# Flying down the stairs...



## llombardo (Dec 11, 2011)

How to prevent this? When I move I will have stairs. My oldest is the only one that has ever dealt with stairs on a daily basis for a while. Once I moved where I am now, no more stairs. She will be fine. I realized when my golden was 7 months he never went up/down stairs, so we took him into our hallway and practiced. Now when I say lets practice, he thinks he is going out to the hallway. I am bringing each dog to the house individually before we move in. Today its the oldest dog. Last week it was Robyn. Her first couple times down the stairs she went kinda fast and tried skipping the last two. Thank goodness I taught her take it slow for agility, that seemed to work and she hit all the stairs. Now Midnite will be the problem, he is "Mr I don't care who is in my way, I'm gonna take them out" The only problem will be in the mornings when we wake up and its time to go outside, they will all be excited and try to rush down there. If I let Midnite go first, he will come back and annoy the rest,even if they are half way down. If I wait to let him down, he will fly and miss more then two stairs. Any suggestions, so that my dogs don't kill each other trying to go down the stairs? The stairs will have carpet on the places where they step by the time we move in, right now there isn't anything.


----------



## MaggieRoseLee (Aug 17, 2001)

How old is your youngest dog?

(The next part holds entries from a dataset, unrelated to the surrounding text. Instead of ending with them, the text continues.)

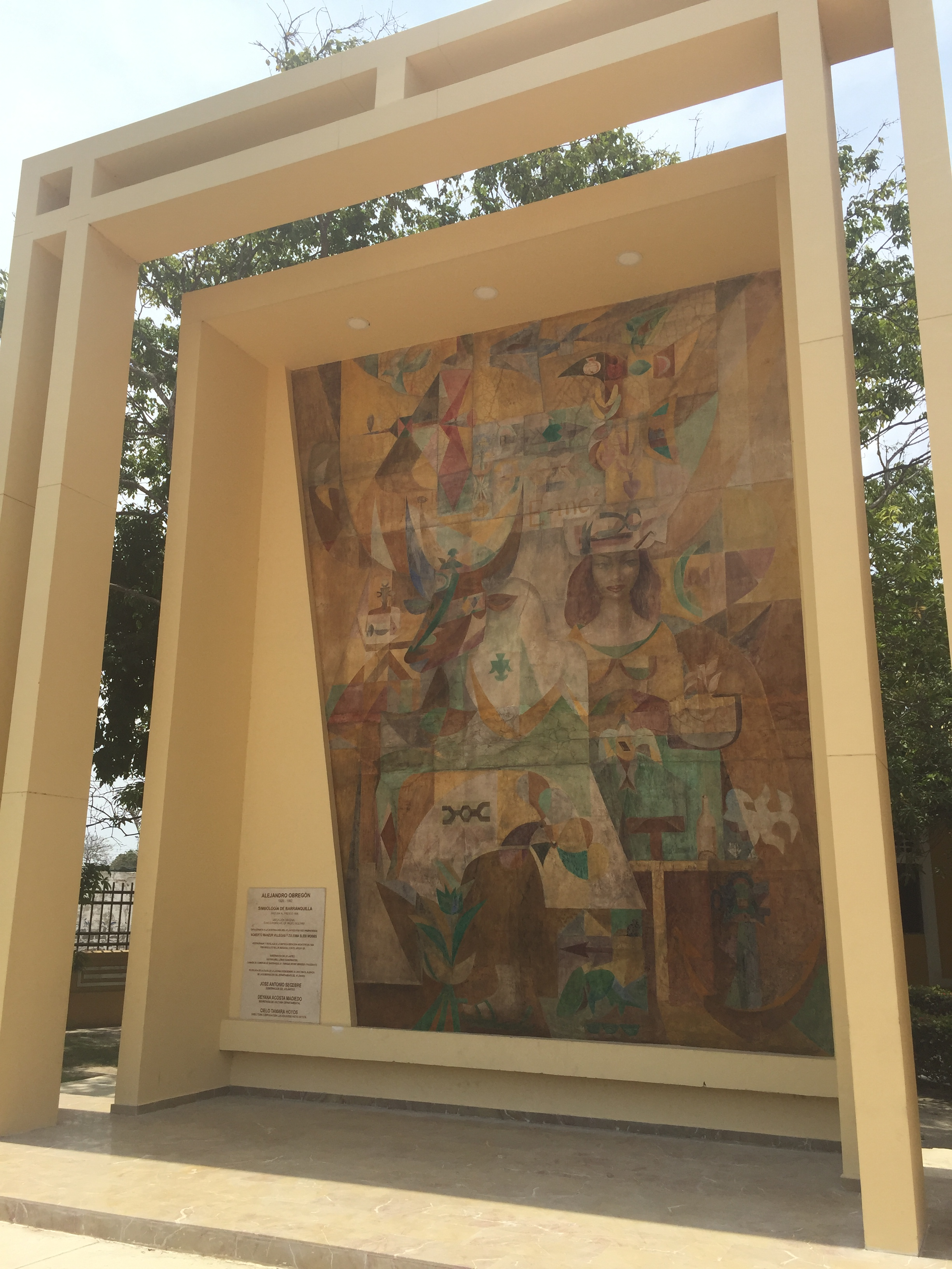 Mural Simbología de Barranquilla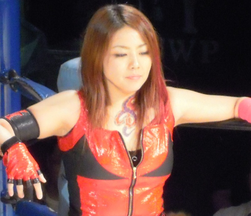 Japanese professional wrestler,Shuri Okuda. Aug 29 2010, JWP Tokyo Kinema Club.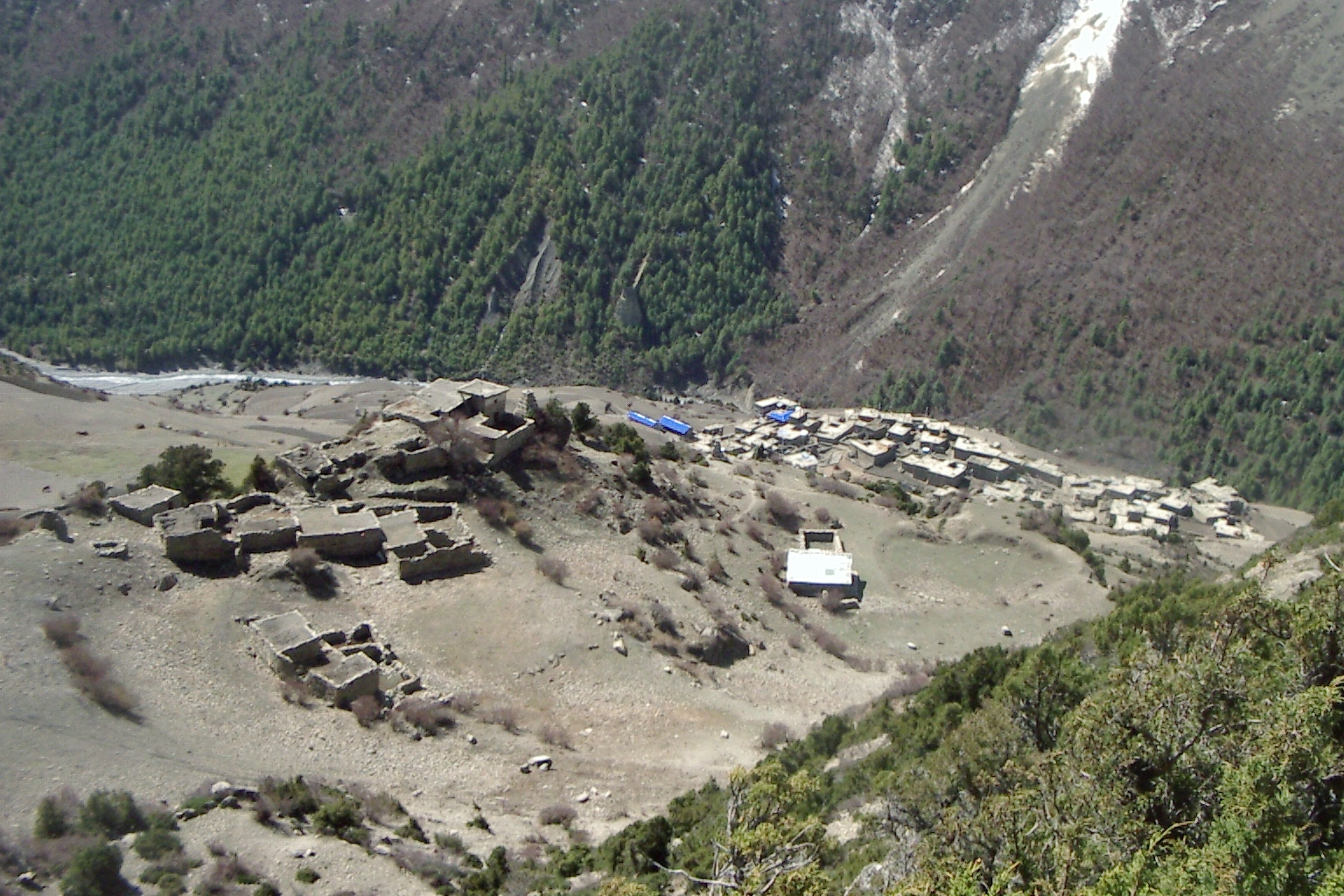 Middle and lower Khangsar above the Khangsar Khola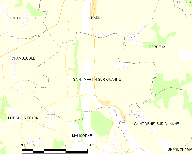 Map of French municipality Saint-Martin-sur-Ouanne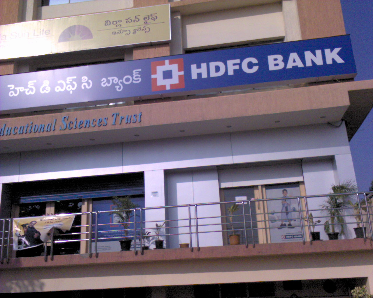 An HDFC Bank Branch in Hyderabad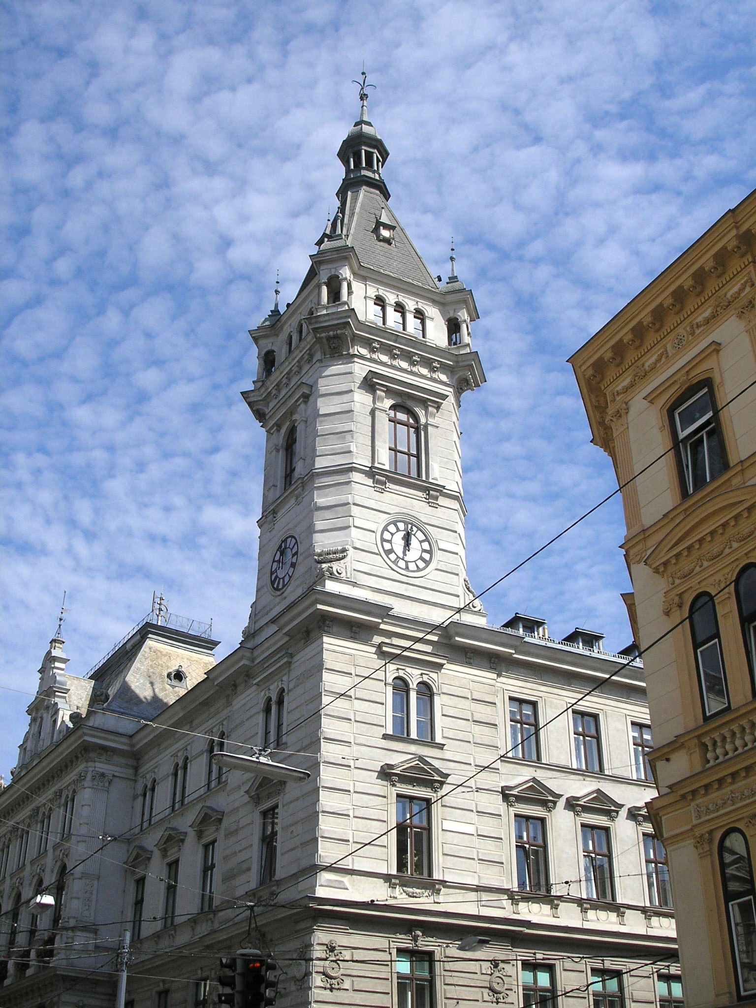 Image of the Bezirkskamt in Vienna's XVIII district Währing.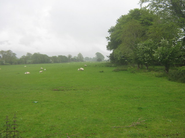 Farmland at Grenagh Looking towards the cloud covered mountains.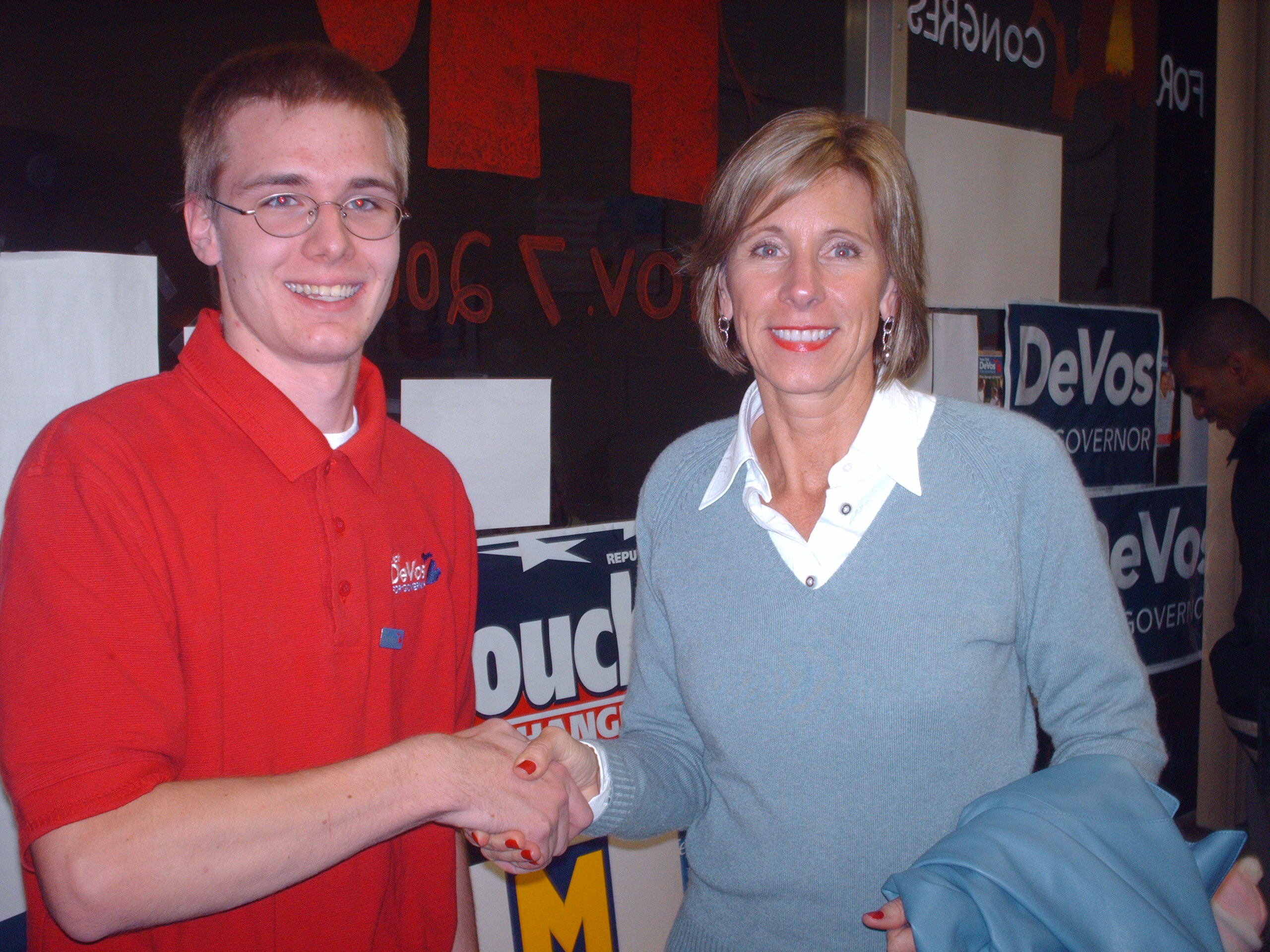 Author, Keith A. Almli (As Pictured), At the Houghton County Republican Victory Center.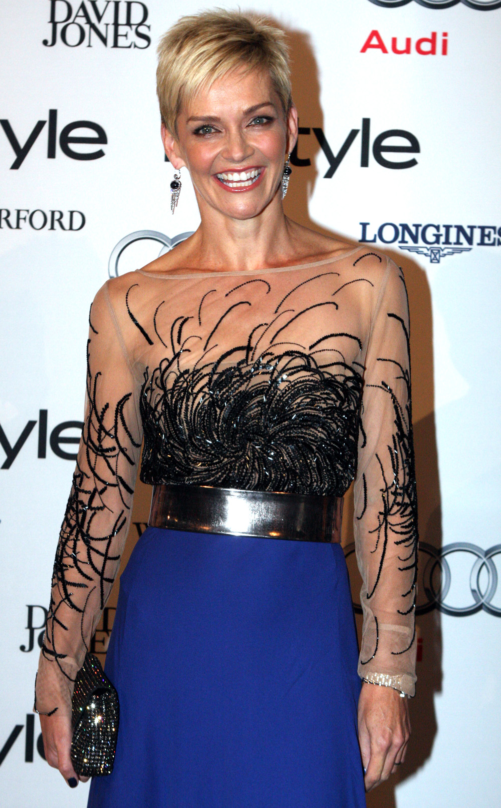 Jessica Rowe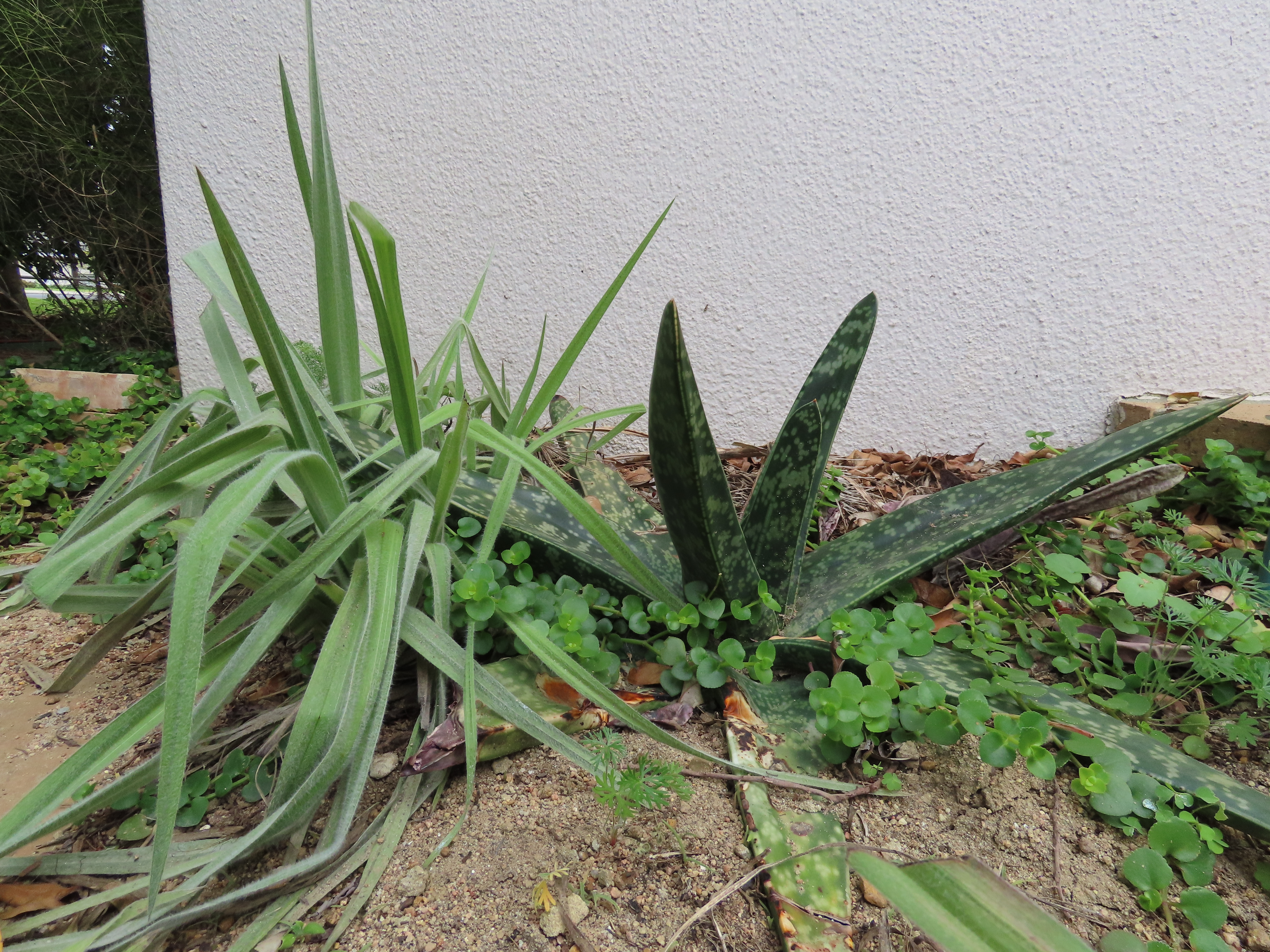 Acaulescent habit of Hypoxis species and Gasteria species growing next to each other. These are growing in a garden, not in their wild habitat

If I wasn't too worried about young pups and growth plates then I'd just let them figure it out.

And start going out and about to all the many public places in the world with steps so my dogs could start practicing their footwork.


----------



## llombardo (Dec 11, 2011)

MaggieRoseLee said:


> How old is your youngest dog? If I wasn't too worried about young pups and growth plates then I'd just let them figure it out.
> 
> And start going out and about to all the many public places in the world with steps so my dogs could start practicing their footwork.


That would be my crazy, very energetic male that will be one in July. My female GSD is not even two yet. These are the two I'm worried about, because they are very active together and also very competitive. I'm going to start working him in agility so that might help with everything.


----------



## MaggieRoseLee (Aug 17, 2001)

Learning the footwork to do stairs IS a skill dogs need to learn. Much easier to just leap up and down skipping steps.

REally great for them to learn the rear end awareness and footwork if you can locate a long flight of stairs in a park? Entrance to library? Local court? School?

Just adding the leash, ONE dog at a time, and enough steps in the flight that they have to slow and think to figure it out is a great start.


----------



## Mikelia (Aug 29, 2012)

I agree, find an outside set of stairs and practise. When I lived in a house with no stairs we would do basic obedience on a long set of concrete steps near my house. They learned to take each step at a time, stop when asked, back up a few steps, turn around etc...
However, this all goes out the window now that I have stairs - they are so excited to go outside or inside that unless I stand on the bottom of the stairs and command them to slow or ask them to walk with me they never touch the bottom two steps. They are expected not to rush past people on the stairs though and they remember this in their excitement. Dogs lol.


----------



## TriciaS (Mar 25, 2013)

I taught my older dog (he's a lab) to wait at the top of the stairs until all people are off and I tell him "OK". I have little kids and don't want them getting trampled. My five month old GSD puppy is a whole different animal, but over the next few months she should get better. She's still a crazy, wild pup who flies down the stairs if I can't grab her collar, and we have slippery hardwoods downstairs.


----------



## Merciel (Apr 25, 2013)

One thing I've done that seems to help dogs go both faster _and_ slower down the stairs (depending on the dog's specific issue) is playing the "Find It" game on stairs. This has helped foster dogs get more comfortable going up and down the condo stairs and has also encouraged Dog Mob to take it a little slower sometimes.

I put the dogs in a Stay somewhere nearby -- within sight of the stairs (usually at the top or bottom) if they're new to the game, out of sight if they're not. Then I scatter treats on some of the steps; the difficulty of the hiding places depends on how well the dogs know the game and how into it I'm feeling (when I'm lazy I will literally just fling treats randomly across the steps). Then the dogs get their release cue to go find and eat the treats.

In addition to the usual benefits of the combined Stay/Find game (impulse control, Stay proofing, asking them to use their brains and noses to sniff things out, etc.), I've found that it encourages the dogs to pay more attention to what they're doing on the stairs.

It does sometimes look like a furry avalanche of chaos so whether this works for you will depend heavily on the individual dogs in your crew, their chemistry as a bunch, and how much tolerance you have for a bunch of dogs playing pinball with each other on stairs. But I've had success with both the base game and variations.


----------



## Shaolin (Jun 16, 2012)

Maybe try putting your hand on the dogs' back as you go down the steps. I don't know why that worked for Finn, but that kept the up and down the steps zoomies to a minimum. A few weeks of walking up and down the steps just lightly touching his back made him hit every step.


----------